My mom was right from the day I was born. I would lose my head if it were not screwed on.

I realize this as I pat my pockets for my phone and come up empty for the fourth time in thirty seconds.

“Goddammit,” I mutter, standing alone in my apartment.

I left it at the bakery.

Of course I did.

I grab my laptop off the couch and message Tess.You still here? Forgot my phone like an idiot.

TESS:Sorry, I left, and so did Leo.

I sigh. I am annoyed at myself, but mostly relieved that Tess went home. She has been pulling brutal hours on top of everything else, weighing on her.

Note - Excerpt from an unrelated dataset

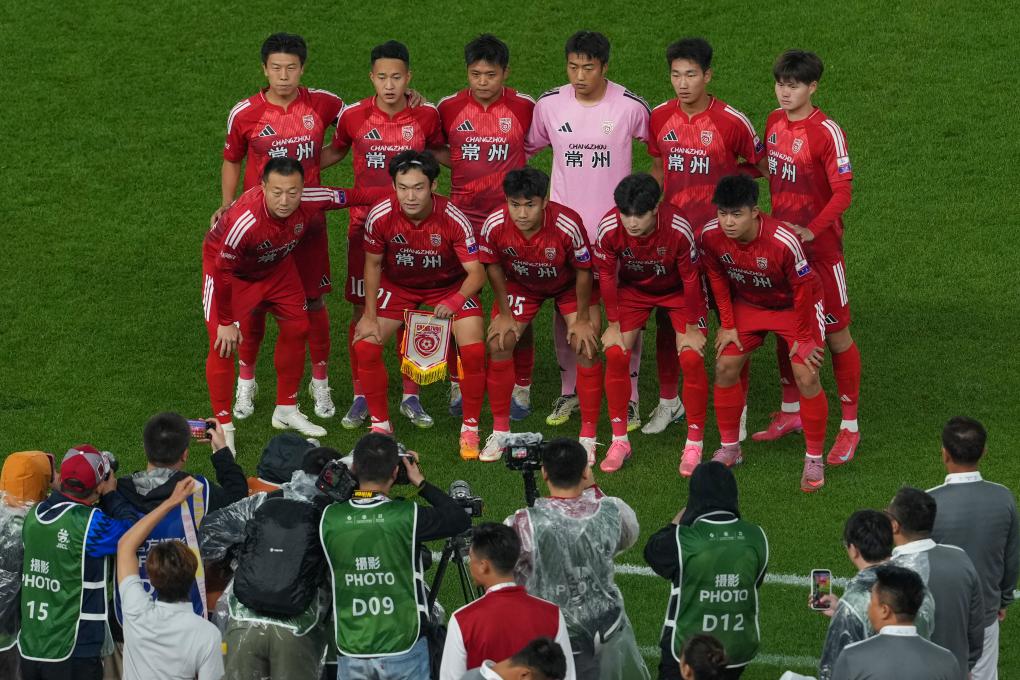 11日、試合前の記念撮影に臨む常州チーム。(常州=新華社記者/李博)

I had unzipped my jacket earlier, but I zip it back up before turning toward the door.

Twenty minutes later, my feet are killing me. The bakery looks ready for a new day. I definitely am not.

The mop bucket is still out, so I nudge it back into place by the wall, careful not to trip over it later. I line the handle up neatly, because future me deserves at least one small kindness.

That is when I see it.

Leo’s jacket.

Still hanging on the hook by the prep room door like it belongs there.

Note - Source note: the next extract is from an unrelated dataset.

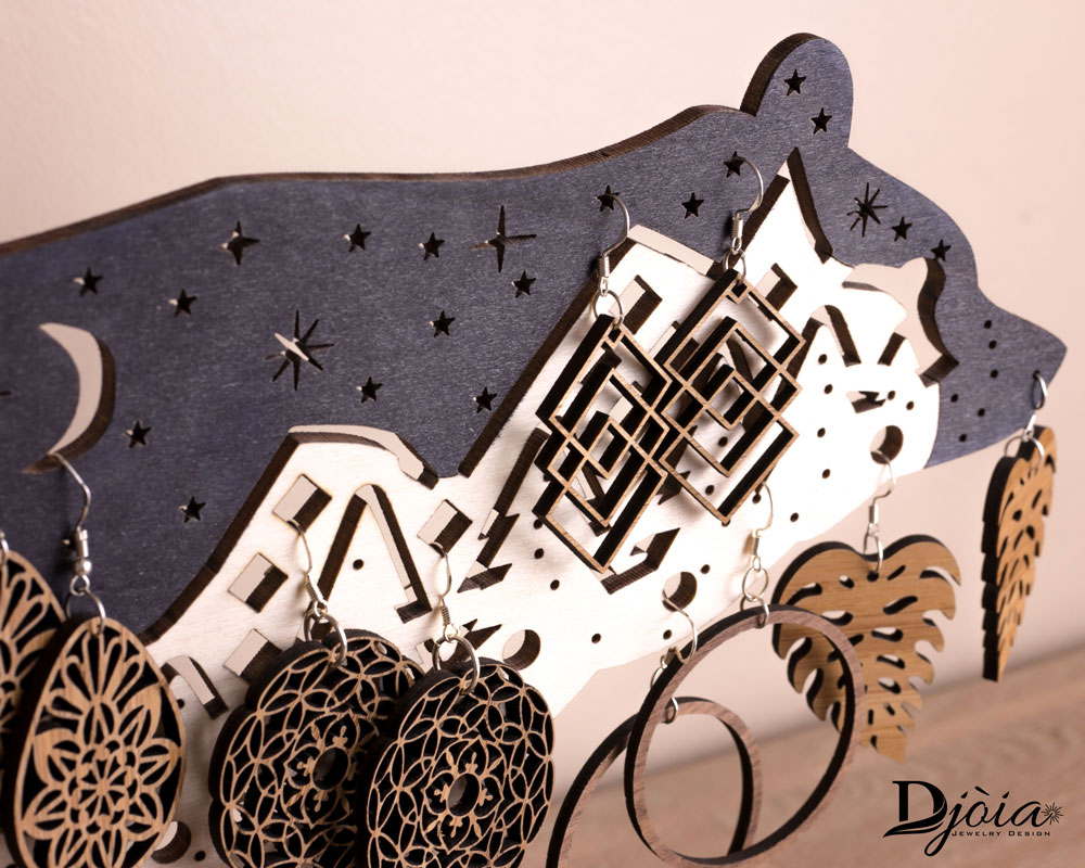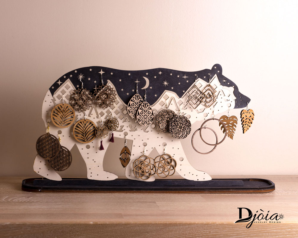 Présentoir à boucles d’oreilles ours et paysage de montagne

Guess I am not the only forgetful one in this place.

I stare at it.

It is black and sleek and aggressively expensive, with too many zippers and that subtle technical sheen that screams engineered in Switzerland by men named Klaus. It looks like it costs more than my rent and absolutely does not belong next to spare aprons and an emergency rain poncho.

It does not belong here.

“Rookie,” I mutter as I yank it off the hook, the mop handle clattering softly against the wall. “You do not leave your coat behind in a kitchen. Rule number one.”

I sniff it without thinking, because apparently this is who I am now.

It smells like clean laundry, faint espresso, and Tess’s cardamom soap. My jaw tightens.

“Probably costs more than my car,” I whisper, because saying it out loud makes me feel better.